FOG MACHINES AND EPIPHANIES

Tom was the unanimous choice from more than 80 applicants, Alan said. The new director brings an insider’s view of the performing arts, gleaned from experience as a stage technician, along with marketing and management skills honed at several performing arts companies.

He studied lighting design and stage management at SUNY-Purchase and earned a master’s degree in theater management from the Yale University School of Drama. Most recently he managed the Two River Theater Company in Red Bank.  That was preceded by an eight-year run as executive director of the Carolyn Dorfman Dance Company in Union and stints as managing director of the George Street Playhouse in New Brunswick and the Portland Stage Company in Maine.

Along the way, Tom has taught at the high school and college levels. He also worked for a special-effects company, in the fog machine division. (His biggest customers: Firefighter training facilities and churches. “You couldn’t do a play about Easter without someone rising to heaven in a cloud of fog,” he recounted.)

Having a performing arts background might not seem like a plus at an organization that focuses intently on painters and sculptors.
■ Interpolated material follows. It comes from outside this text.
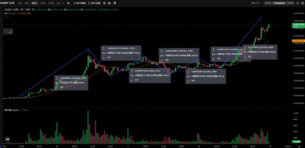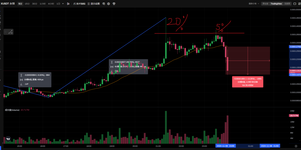 23:30 五分钟再次拉升5%,形成五分钟的双顶,而后出现下杀,30分钟跌幅20%

Yet that’s precisely what excited the Arts Council board, said Alan Levitan.

“He gets what we do,” said Alan, former president and CEO of the Kings supermarket chain. “He will bring a whole new measure of energy and perspective to the job because he hasn’t done it before.”
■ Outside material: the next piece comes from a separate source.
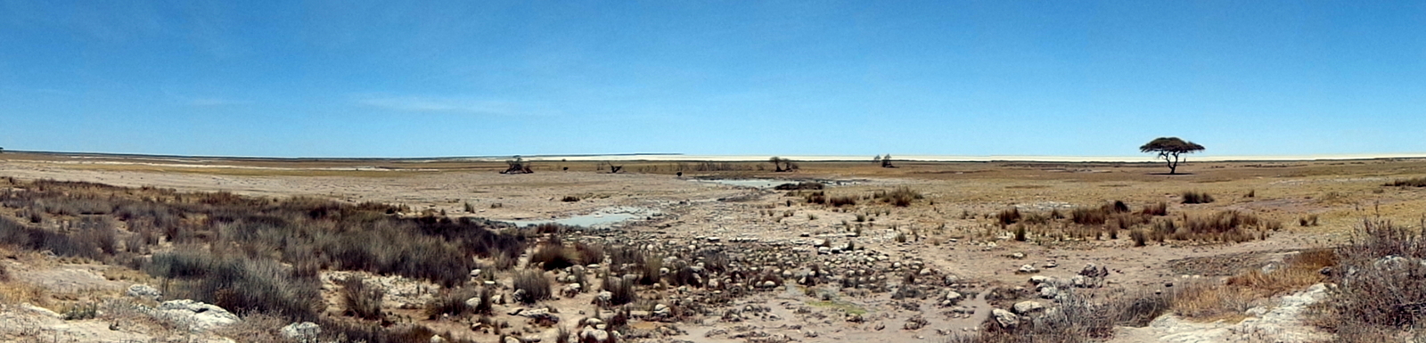 Comme c’est assez proche, on fait toutes les boucles en s’arrêtant longtemps aux points d’eau. Il faut dire aussi que c’est sûrement à cet endroit que le paysage est le plus spectaculaire. Le PAN, un lac desséché qui est devenu un désert de sel brille de mille feux en cette saison sèche. Il parait qu’en saison humide, il reflète comme un miroir quand il est inondé… tout comme le DEADVLEI, d’ailleurs!

“I see my role as a facilitator and connector,” said Tom, citing his collaborations with performers, patrons and stage crews. “I think I will be strong at bringing key parts of the community around the idea of supporting the arts.”

He said he looks forward to exploring all of Morris County while continuing efforts to make Morristown an arts destination.

For him, the arts are about epiphanies.

“We all can think back to some transformative moment: Hearing an orchestra play, hearing choral music sung, seeing our first play, being on the edge of our seat, how our mouth would drop open, being amazed at how we were touched. The arts touch something we can’t express any other way. They are a way to share complicated feelings and interpret important moments in our lives, helping us to think differently about the world,” he said.

His aha! moment was seeing Godspell on Broadway as a child. That led to schoolboy star turns as Henry Higgins and Oliver Twist and Dr. Doolittle.

But nightmares about forgetting his lines convinced him to facilitate from the wings, as a stagehand.

“I realized how hard and scary it was to perform in front of an audience,” he said.

STORM CHASING AND PASO DOBLES

Tom and his wife, Hilda Cashman, who works at the University of Medicine and Dentistry of New Jersey, live in East Brunswick with their 14-year-old son, Aidan. Their oldest son, Alex, is a freshman at Kalamazoo College, where he sings in the choir.

Growing up, Tom played the cello. Nowadays his artistic impulses are channeled into photography and cooking. He’s also an avid skier and kayaker, and a weather junkie who fancies being a storm chaser in his next life.

He acknowledges how the internet and reality TV are churning up some turbulence in art circles, blurring the line between amateurs and professionals. Anyone can sing and dance before an audience of millions with a viral video on YouTube or an appearance on So You Think You Can Dance.

Tom welcomes such changes. Thanks to the dance show, he said, his son had a dance vocabulary by age 7. “He knows a paso doble from a waltz. That’s not a bad thing.”

Locally, he contends, people are feeling more comfortable about making art.

“It doesn’t seem so scary for adults. That’s something we promote at the Arts Council.”